- _WHAT TO PRODUCE_:
No pictures should appear in the copy. Reproduce exactly the lines from the one containing "夜景が綺麗です。正面の壁はタイルが張ってあります。" through the end of the material below.

- _PROVIDED INFORMATION_:
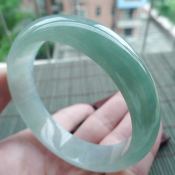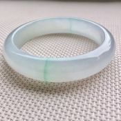 A货翡翠手镯 冰种飘绿宽边正装翡翠手镯 尺寸57.3-14.9-7.6mm
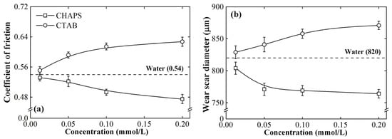 The effects of surfactant concentration on the tribological performance of the lubricants are shown in Figure 8. The coefficient of friction (COF) and WSD gradually decreased with the increase in CHAPS concentration but increased when CTAB was used. The COF and WSD of 0.2 mmol/L CHAPS lubricant were 12.5% and 6.8% lower than water, whereas 0.2 mmol/L CTAB lubricant produced 15.5% and 6.2% increases, respectively. The difference in tribological performance might be related to the penetrability of the lubricants and the lubricity of the surfactants.
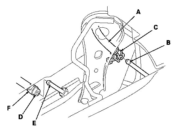 43. Install the stabilizer links (C) to the lower arms, and install the nuts (D). Insert a 6 mm Allen wrench (E) in the ball joint pin (F), and tighten the nuts.
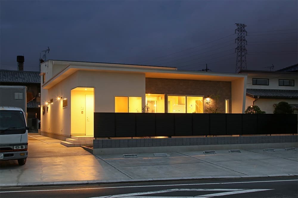 夜景が綺麗です。正面の壁はタイルが張ってあります。
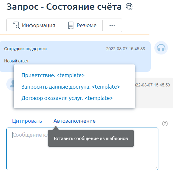 Созданные шаблоны ответов будут доступны сотрудникам для быстрой вставки в окне тикета:
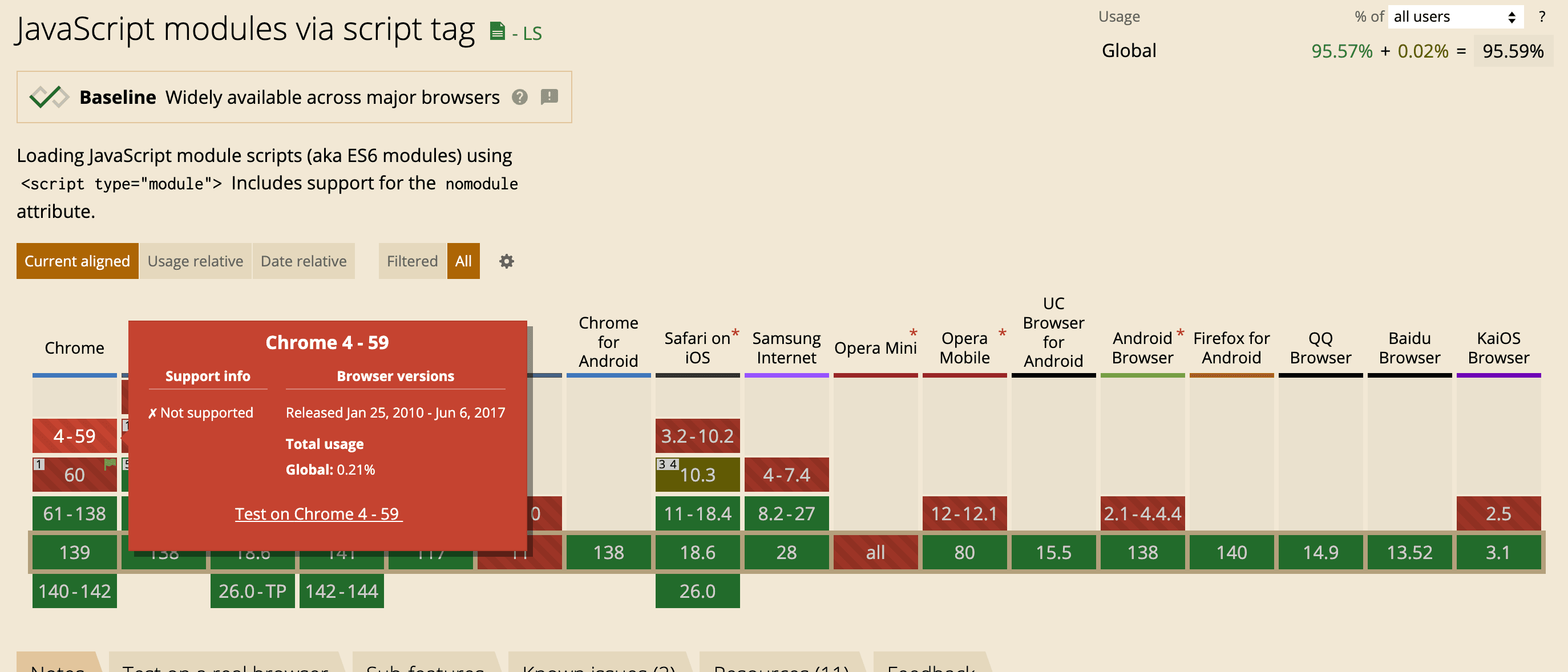 브라우저가 esm 모듈을 실행할 수 있냐는 <script type="module"> 태그와 import/export를 이해할 수 있느냐를 의미한텐데요. can i use에서 esm이 도입된 es6에 대해 확인해보면 2017년 이전 브라우저에서는 미지원해요.
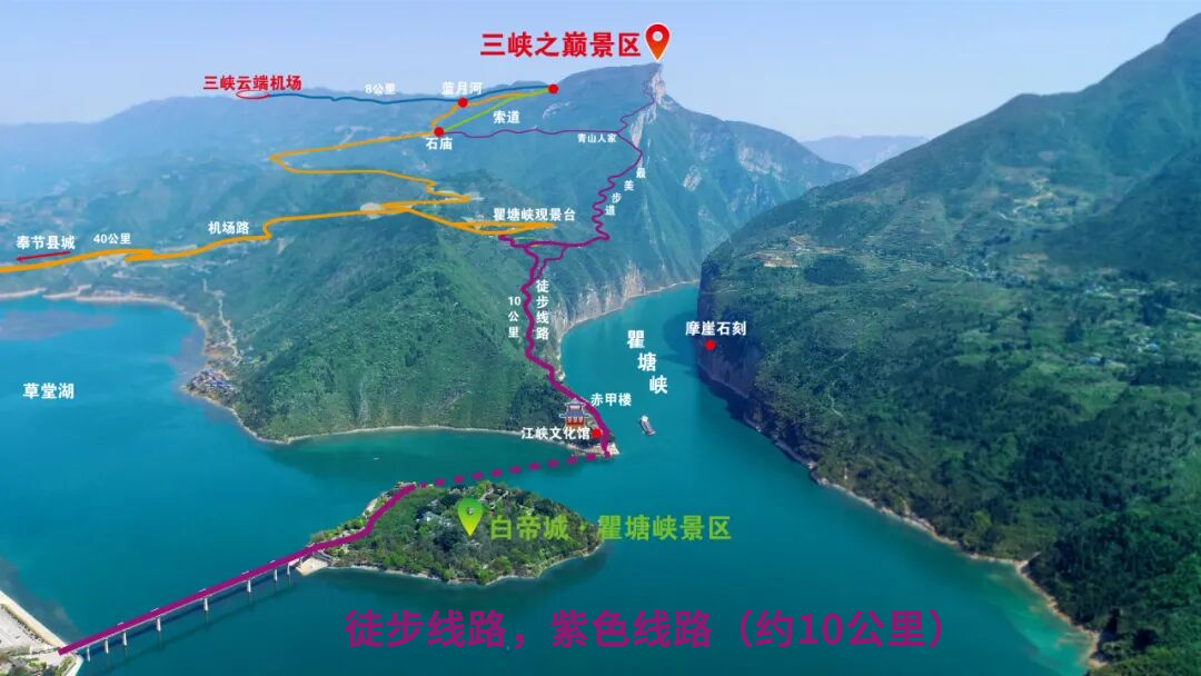 经典路线:白帝城、江峡文化馆、瞿塘峡观景台、三峡之巅,全程约10公里,设“520”“1314”等网红打卡点。
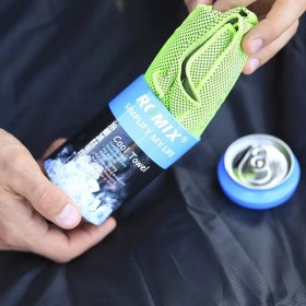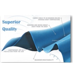 Охлаждающее полотенце поможет сохранить прохладу и свежесть во время занятий спортом, а так же позаботится о любителях активного и пляжного отдыха делая пребывание на солнце более комфортным. Охлаждение ткани в течении длительного времени обеспечивается за счет уникальной структуры переплетения волокон, в которых создается баланс влажности и испарения. Длительное использование и многократные стирки не влияют на охлаждающие свойства ткани. Эта ткань не имеет химической пропитки и не содержит охлаждающих гелей. Чтобы активировать охлаждающее действие изделия его нужно намочить - отжать - встряхнуть. Подходит вода из любого источника: из-под крана, дождевая, речная, морская, влага от потоотделения - они реактивируют охлаждающую функцию снова и снова. Охлаждающие полотенца отличаются высоким качеством используемых в производстве материалов. Материалы эти гипоаллергенны, поэтому даже на самой нежной коже не вызовут раздражения.
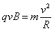 C、洛伦兹力提供向心力,即Bqv=mv2r,解得:r=mvqB;

- _RESPONSE TO THIS EXERCISE_:
 夜景が綺麗です。正面の壁はタイルが張ってあります。
 Созданные шаблоны ответов будут доступны сотрудникам для быстрой вставки в окне тикета:
 브라우저가 esm 모듈을 실행할 수 있냐는 <script type="module"> 태그와 import/export를 이해할 수 있느냐를 의미한텐데요. can i use에서 esm이 도입된 es6에 대해 확인해보면 2017년 이전 브라우저에서는 미지원해요.
 经典路线:白帝城、江峡文化馆、瞿塘峡观景台、三峡之巅,全程约10公里,设“520”“1314”等网红打卡点。
 Охлаждающее полотенце поможет сохранить прохладу и свежесть во время занятий спортом, а так же позаботится о любителях активного и пляжного отдыха делая пребывание на солнце более комфортным. Охлаждение ткани в течении длительного времени обеспечивается за счет уникальной структуры переплетения волокон, в которых создается баланс влажности и испарения. Длительное использование и многократные стирки не влияют на охлаждающие свойства ткани. Эта ткань не имеет химической пропитки и не содержит охлаждающих гелей. Чтобы активировать охлаждающее действие изделия его нужно намочить - отжать - встряхнуть. Подходит вода из любого источника: из-под крана, дождевая, речная, морская, влага от потоотделения - они реактивируют охлаждающую функцию снова и снова. Охлаждающие полотенца отличаются высоким качеством используемых в производстве материалов. Материалы эти гипоаллергенны, поэтому даже на самой нежной коже не вызовут раздражения.
 C、洛伦兹力提供向心力,即Bqv=mv2r,解得:r=mvqB;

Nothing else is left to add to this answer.